:: Dataset section ::
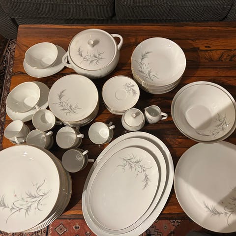 Står Thomas Germany under koppene og asjettene. Tallerkene har ikke merke under, men passer i stil.
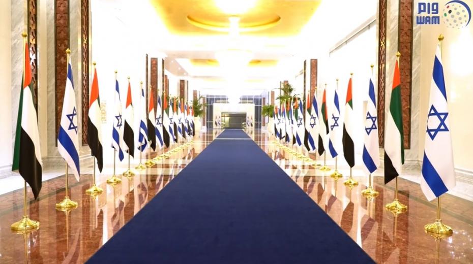 - الصورة: مقتطعة من فيديو لوكالة أنباء الإمارات، لمراسم استقبال رئيس الوزراء الاسرائيلي الذي وصل أبوظبي، مساء الأحد
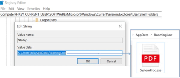 マクロの実行が成功すると、UDPGangsterが自身をSystemProc.exeとして%AppData%\RoamingLowにコピーし、永続性を確立します。その後、次のレジストリキーの下にあるStartupの値にパスを書き込むことで、スタートアップを設定します。
:::
Print the data exactly as written, dropping any images it holds.

 Står Thomas Germany under koppene og asjettene. Tallerkene har ikke merke under, men passer i stil.
 - الصورة: مقتطعة من فيديو لوكالة أنباء الإمارات، لمراسم استقبال رئيس الوزراء الاسرائيلي الذي وصل أبوظبي، مساء الأحد
 マクロの実行が成功すると、UDPGangsterが自身をSystemProc.exeとして%AppData%\RoamingLowにコピーし、永続性を確立します。その後、次のレジストリキーの下にあるStartupの値にパスを書き込むことで、スタートアップを設定します。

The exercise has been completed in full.